Description of the task |
Go to the line with "COMPLETE renovation end" in the material below and copy from there through the line with "Le Chef de l’État", exactly. Pictures are not copied.

Given records |

══════════

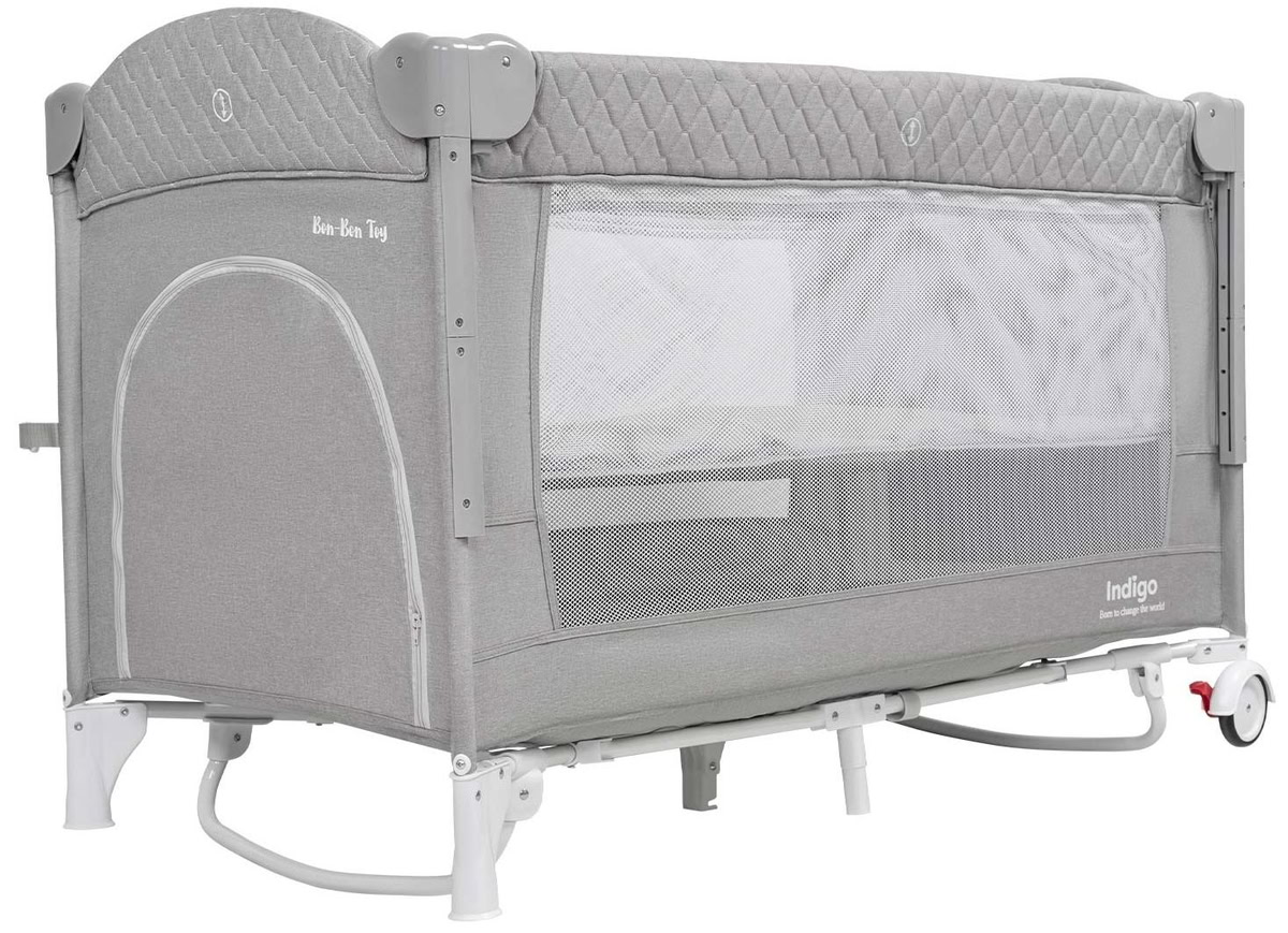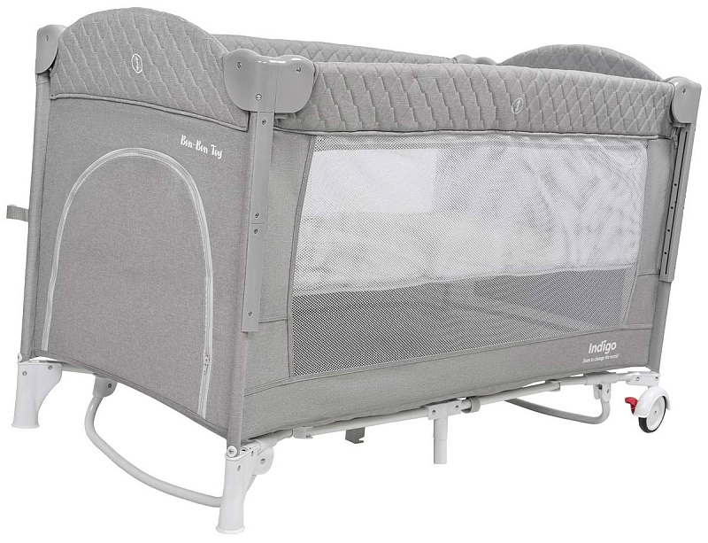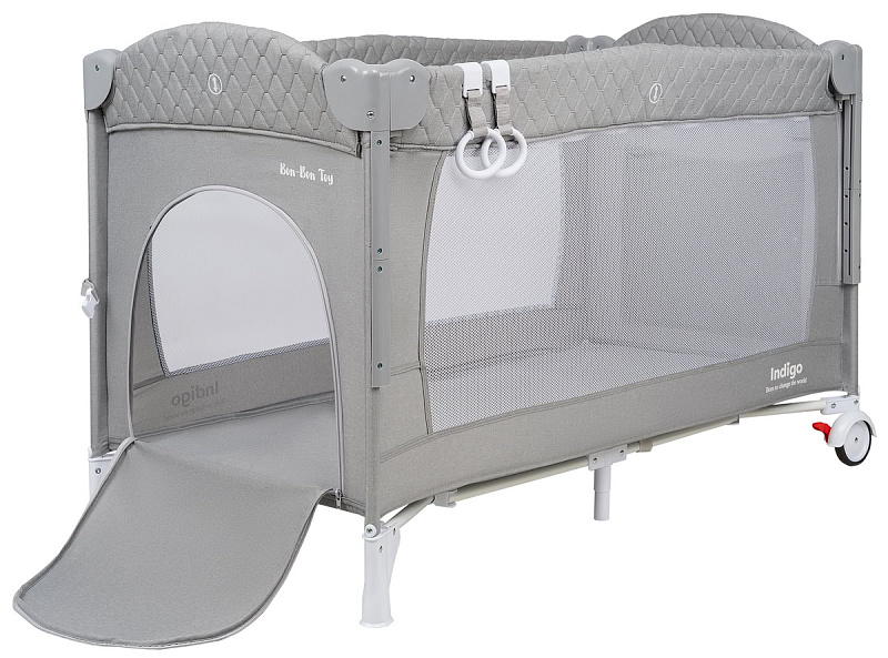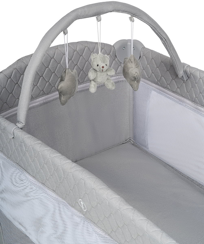 Манеж-кровать Indigo Bon-Bon Toy 2 уровень с подвесными игрушками светло-серый
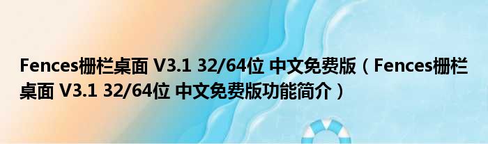 导读 大家好,关于Fences栅栏桌面 V3 1 32 64位 中文免费版,Fences栅栏桌面 V3 1 32 64位 中文免费版功能简介这个很多人还不知道,小勒来为
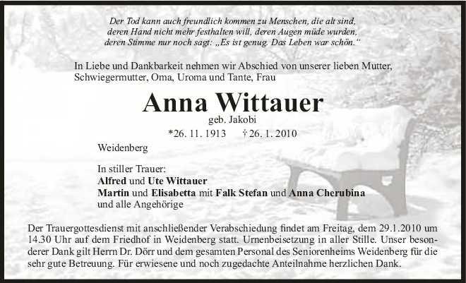Der Trauergottesdienst, mit anschließender Verabschiedung, findet am Freitag, den 29.1.2010 um 14.30 Uhr in der Stepfanskirche in Weidenberg statt. Urnenbeisetzung in aller Stille.
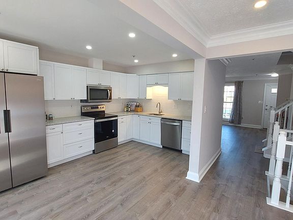 COMPLETE renovation end brick unit! New large kitchen with white shaker cabinets, stainless steel appliances, soft close cabinet doors / drawers, quartz countertops, waste paper pull out, Microwave vents to exterior, Multi-function stove with air fryer, convection, self cleaning, dual element, warming, melt. Dishwasher with 3rd tray for utensils. Vinyl plank flooring all levels, carpet in bedrooms. Kitchen opens to dining room with atrium door leading to composite deck and composite fenced back yard. LED lighting through out; dimmable in kitchen and dining. All 4 bathrooms: New vanity /sink /mirror /light /faucet /tile /floor. Primary bedroom closet extended. All closets have hanging & shelving systems. NEW Windows 2023. New roof 2021. New HVAC 2020. New water heater 2019. All-house surge protection device. Renovation Permits / warranties: see documents. Desired elementary school. Lots of storage/closet space. Close to MARC train, route 1. Easy parking.
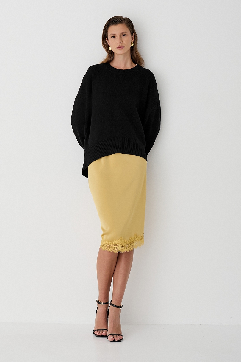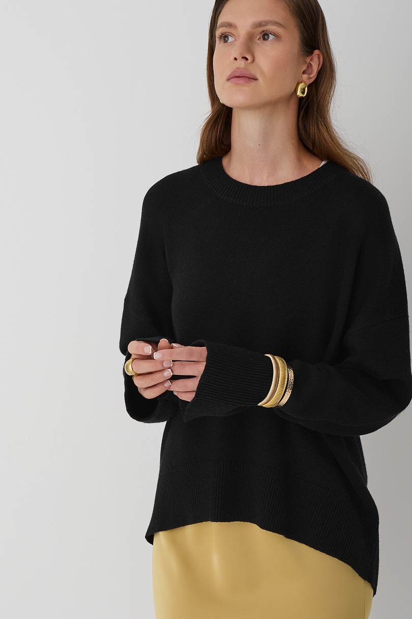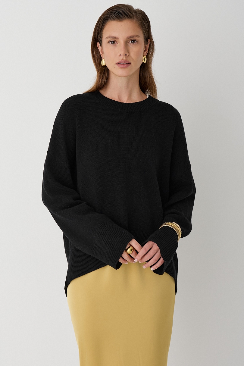О-образный свитер из шерсти и кашемира – это стильный и уютный элемент гардероба, который сочетает в себе комфорт, роскошь и современный дизайн. Изготовленный из высококачественной смесовой ткани, включающей шерсть и кашемир, этот свитер обеспечивает исключительную мягкость, тепло и легкость. Кашемир придает изделию нежную текстуру и элитный вид, а шерсть добавляет долговечность и устойчивость к износу. О-образный крой создает расслабленный и объемный силуэт, добавляя образу легкости и небрежной элегантности.
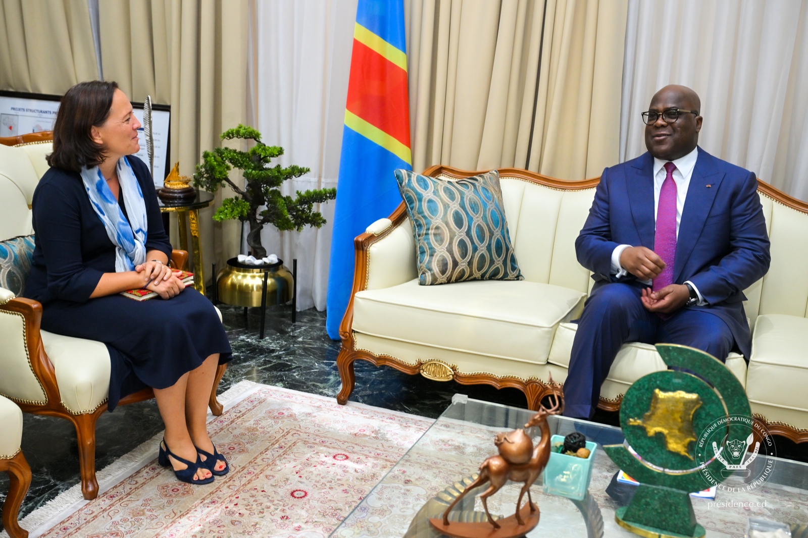 Le Chef de l’État a reçu, ce jeudi à la Cité de l’Union africaine, l’Ambassadrice de Belgique en République Démocratique du Congo (RDC) Roxane de Bilderding. Plusieurs sujets relevant des relations bilatérales entre les deux pays parmi lesquels la question des investissements économiques figuraient à l’ordre du jour.
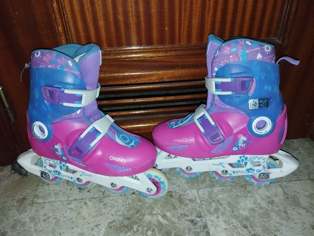 Buen estado, junto con protectores, para más pequeña y mayor, y casco. También mochila para guardarlo todo.
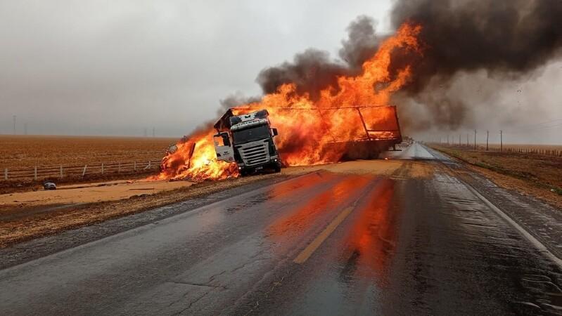 A equipe de resgate da Rota do Oeste foi acionada. Um motorista conseguiu deixar o veículo antes das chamas atingirem. O outro ainda não foi localizado
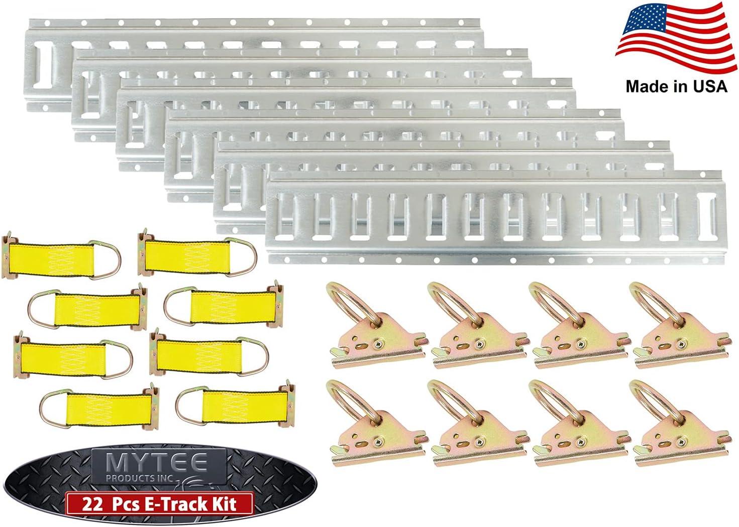 Mytee Products 14 Pieces E-Track Tie Down Kit - 4 Horizontal 5' E Track Rails, 2 Etrack Ratchet Straps 2" x 12', 4 O Rings, 4 Rope Tie Offs - Heavy Duty E Track Accessories for Enclosed Trailer(22 Pieces)
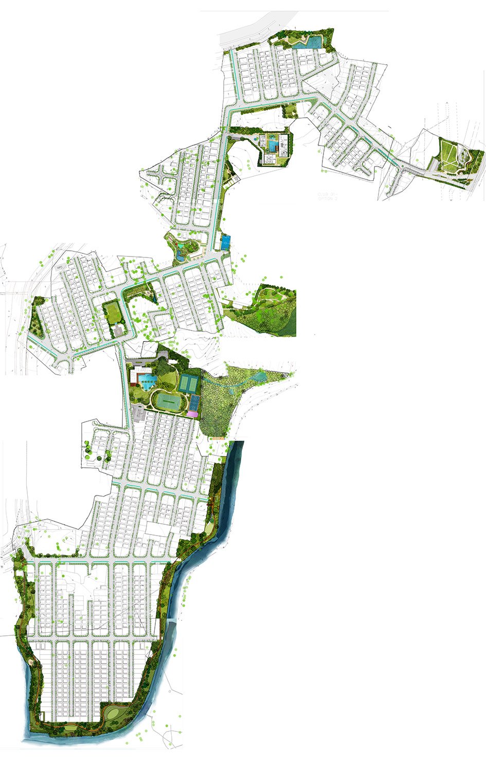 The project's primary objective is to incorporate Blue-Green Living principles into the public spaces of the plotted villa township, fostering holistic well-being by nurturing the symbiotic connection between oxygen, plants, and a healthy lifestyle. It follows a Biophilic Landscape Strategy, seamlessly blending various forest types and green areas, such as rain tree canopies, orchard roads, tropical forests, riverine forests, ceremonial forests, and more throughout the township.
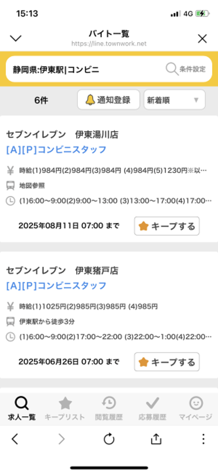 タウンワークでは、バイトの検索がLINE上で簡単にできるようになっている。
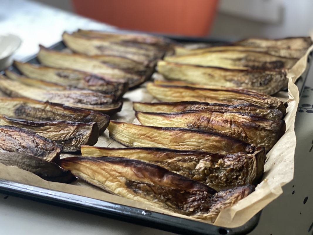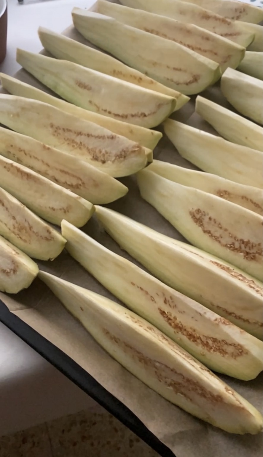 1. החצילים: נקלוף החצילים שיהיו ערומים לגמרי בלי כסות, נחתוך לאורכם לחצאים, נחתוך לאורכם לרבעים, נחתוך לאורכם לשמיניות. נזרה עליהם מלח וניתן להם להגיר זיעת חציל כרבע שעה. נספיג את הזיעה עם נייר סופג נבריש החצילים מכל הצדדים בשמן זית. שוב חוזרת ואומרת: כל הצדדים, נניח על דף אפייה בצפיפות מחממת נכניס לתנור לכ-20-30 דקות עד הזהבה יפה (נורא תלוי בתנור ובחציל שלכם, זה בערך הזמן). נניח בצד לקירור.

══════════

Output of the exercise |
 COMPLETE renovation end brick unit! New large kitchen with white shaker cabinets, stainless steel appliances, soft close cabinet doors / drawers, quartz countertops, waste paper pull out, Microwave vents to exterior, Multi-function stove with air fryer, convection, self cleaning, dual element, warming, melt. Dishwasher with 3rd tray for utensils. Vinyl plank flooring all levels, carpet in bedrooms. Kitchen opens to dining room with atrium door leading to composite deck and composite fenced back yard. LED lighting through out; dimmable in kitchen and dining. All 4 bathrooms: New vanity /sink /mirror /light /faucet /tile /floor. Primary bedroom closet extended. All closets have hanging & shelving systems. NEW Windows 2023. New roof 2021. New HVAC 2020. New water heater 2019. All-house surge protection device. Renovation Permits / warranties: see documents. Desired elementary school. Lots of storage/closet space. Close to MARC train, route 1. Easy parking.
О-образный свитер из шерсти и кашемира – это стильный и уютный элемент гардероба, который сочетает в себе комфорт, роскошь и современный дизайн. Изготовленный из высококачественной смесовой ткани, включающей шерсть и кашемир, этот свитер обеспечивает исключительную мягкость, тепло и легкость. Кашемир придает изделию нежную текстуру и элитный вид, а шерсть добавляет долговечность и устойчивость к износу. О-образный крой создает расслабленный и объемный силуэт, добавляя образу легкости и небрежной элегантности.
 Le Chef de l’État a reçu, ce jeudi à la Cité de l’Union africaine, l’Ambassadrice de Belgique en République Démocratique du Congo (RDC) Roxane de Bilderding. Plusieurs sujets relevant des relations bilatérales entre les deux pays parmi lesquels la question des investissements économiques figuraient à l’ordre du jour.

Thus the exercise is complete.